Può bastare un gesto a interrompere un processo così delicato, profondo e determinate come quello di naturalizzazione di una famiglia straniera? Eppure, a Therwil, piccolo paese svizzero del canton Basilea Campagna, è successo. Le autorità hanno sospeso il processo di naturalizzazione di due adolescenti arabi, 14 e 16 anni e dei loro familiari. Perché i ragazzi, in nome di una legge superiore non hanno dato la mano alle insegnanti nonostante la consuetudine locale imponga il gesto a fine lezione come forma di ringraziamento. Motivo? Hanno spiegato che se lo facessero trasgredirebbero al precetto che vieta ai musulmani di toccare un’altra donna, all’infuori della moglie.
«Anche un ebreo ortodosso o un rabbino non darà mai la mano a una donna», commenta Paolo Branca, islamista, docente di Lingua e letteratura araba presso l'Università Cattolica di Milano, responsabile dei rapporti con l’Islam per la Diocesi di Milano, raggiunto al telefono per provare a capirne di più. «È il solito tentativo di strumentalizzare una notizia per dimostrare che una famiglia araba musulmana non si può integrare. Il divieto di venire in contatto con donne estranee è legato anche alla impurità rituale: se il gesto fosse un’espressione di disprezzo sarebbe grave e la scuola ovviamente ne dovrebbe e ne terrebbe conto. Tra l’altro so che la preside, le insegnati e i ragazzi si sono già chiariti».
Lei che da anni accompagna in particolare i ragazzi di seconda generazione nel loro percorso di crescita e ricerca di identità. Per cosa passa realmente l’integrazione?
«Passa attraverso moltissime cose: alcune negoziabili e altre no. Una ragazza che non vuole andare a nuotare con i suoi compagni maschi è comprensibile. L’importante è che faccia ginnastica, se poi la vuol fare correndo in tuta sarà una scelta sua. Un’altra è la mutilazione genitale che è un menomazione, un reato che non potrà mai essere autorizzato».
Quei ragazzi avrebbero dovuto stringere la mano?

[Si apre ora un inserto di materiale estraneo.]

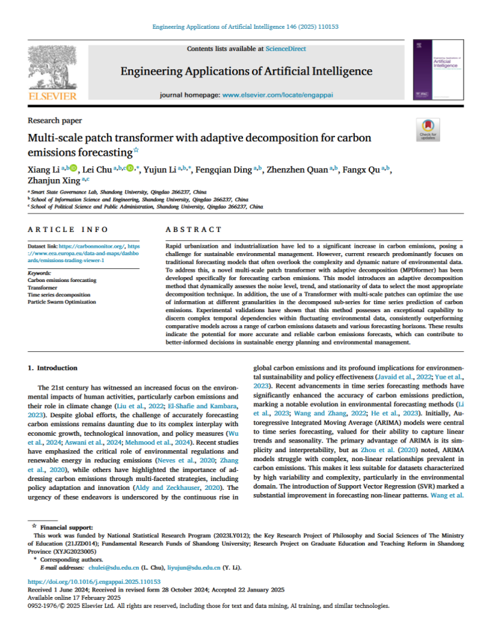 智慧国家治理实验室褚雷团队在SCI一区期刊《Engineering Applications of Artificial Intelligence》上发表了题为“Multi-scale patch transformer with adaptive decomposition for carbon emissions forecasting”的论文。文章为解决已有碳排放预测模型对生态环境质量数据的复杂性和动态性把握的不足问题,提出了一种新型多尺度块(Patch)变换器与自适应分解(简称MPDformer)的深度学习模型用于碳排放的预测。基于全球气候数据的实证结果显示,该深度学习模型表现出了在波动环境数据中识别复杂时间依赖关系的能力,优于已有传统预测模型,研究在可持续能源预测和环境质量评价领域取得了实质性的进展。工口实验室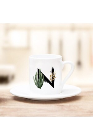 كوب قهوة تصميم ورقة مزخرفة من MNZ مع حرف N مكتوب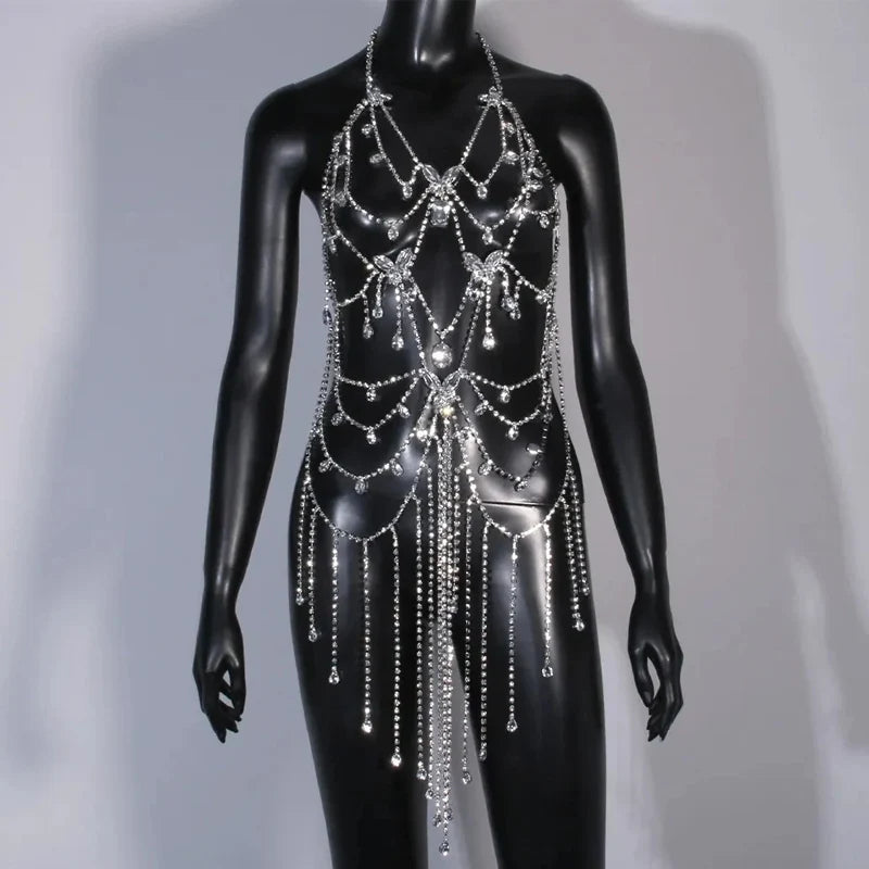 Fringed Butterfly Skirt Top Women Bra Jewelry Dress Rhinestone New Summer Pendant Bathing Sexy Bodysuit Panties Swim Bikini 2024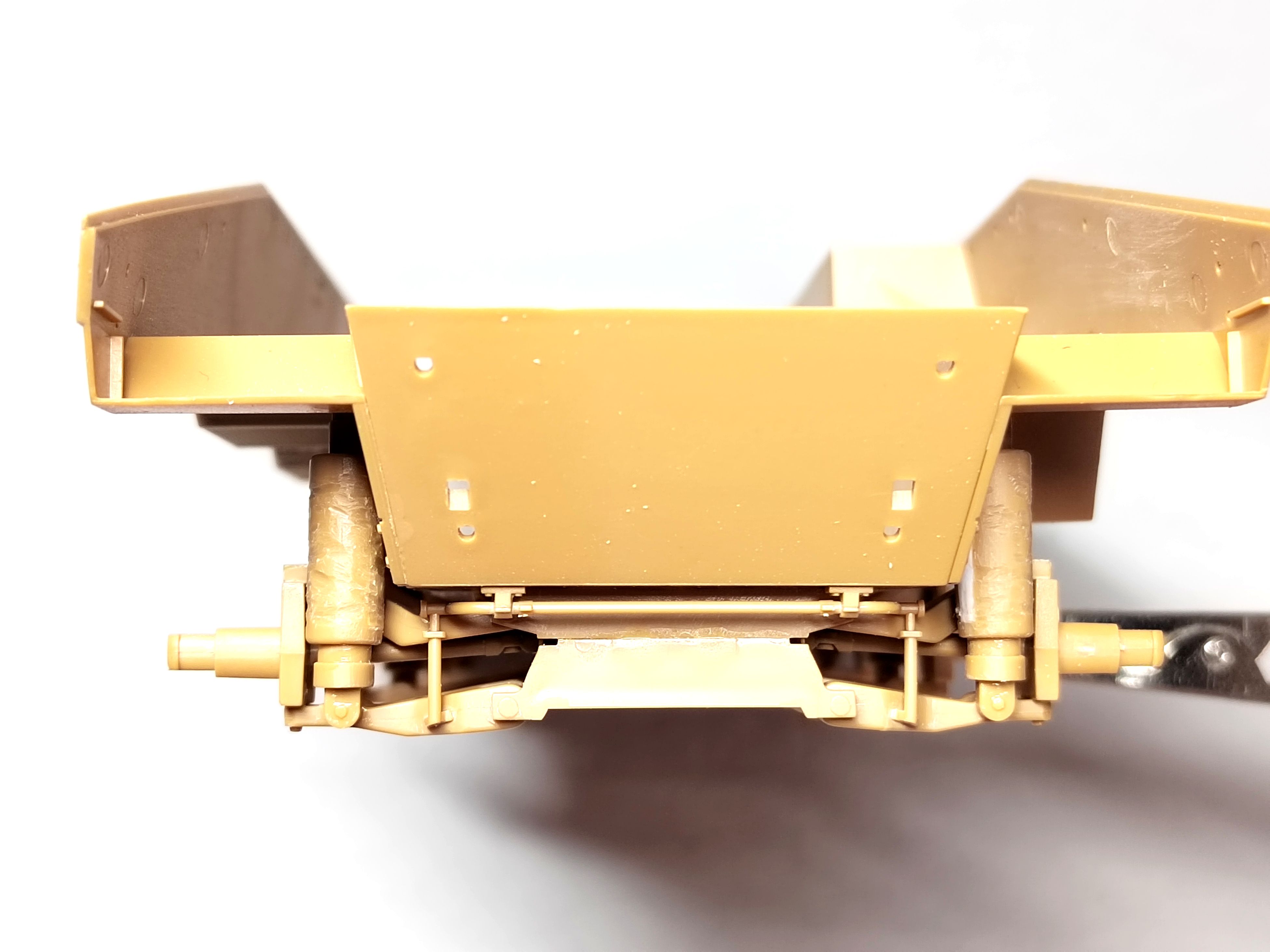 Before starting the detailing of the interior, I had to tackle the shock absorbers. Heller molded them with a huge hole facing the hull sides. The four at the first front axle and the rear most axle really need to be fixed. Then the plastic covers need to have their smooth look removed.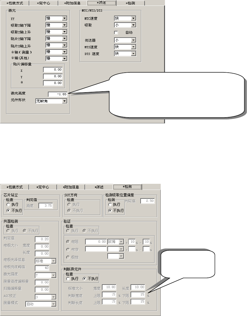 通常吸嘴的“激光高度”中应输入从元件表面到激光投射面的距离,而夹持吸嘴则应以固定

«Non credo si possa obbligare nessuno a fare niente. Se stringere la mano a fine lezione nella cultura svizzera è un gesto di ringraziamento basta che questi ragazzi si mettano una mano sul petto e facciano un inchino. Non verrà tradita l’intenzione. Se poi, nel tempo, visto il contesto in cui vivono, scopriranno che quel gesto ha un significato diverso che può essere praticato questo è un altro discorso. Ben venga che maturino questo pensiero».
E a chi teme che questo atteggiamento tradisca una mentalità che non li porterà mai a smarcarsi dalle proprie origini cosa risponde?
«Che è una lettura un po’ superficiale; questi ragazzi vanno a scuola, parlano tedesco, studiano materie che non avrebbero mai studiato nel paese di origine; quindi molte cose le condividono e apprezzano. Non è giusto abbandonare completamente la propria cultura di origine. Naturalizzazione sì, io non parlerei nemmeno di integrazione, piuttosto di interazione. Non ci si deve chiudere nel ghetto e non avere contatti. Se, invece, alcune cose le si accetta e altre le si sospende, beh questo è normale. È un processo che richiede tempo e strumenti e non può essere omologato. Ma, soprattutto, non può essere normato. Questo regolare per legge tutto compresa la maturazione di una persona mi sembra una regressione. È un modo di disumanizzare le relazioni che sono sempre calate in un contesto particolare».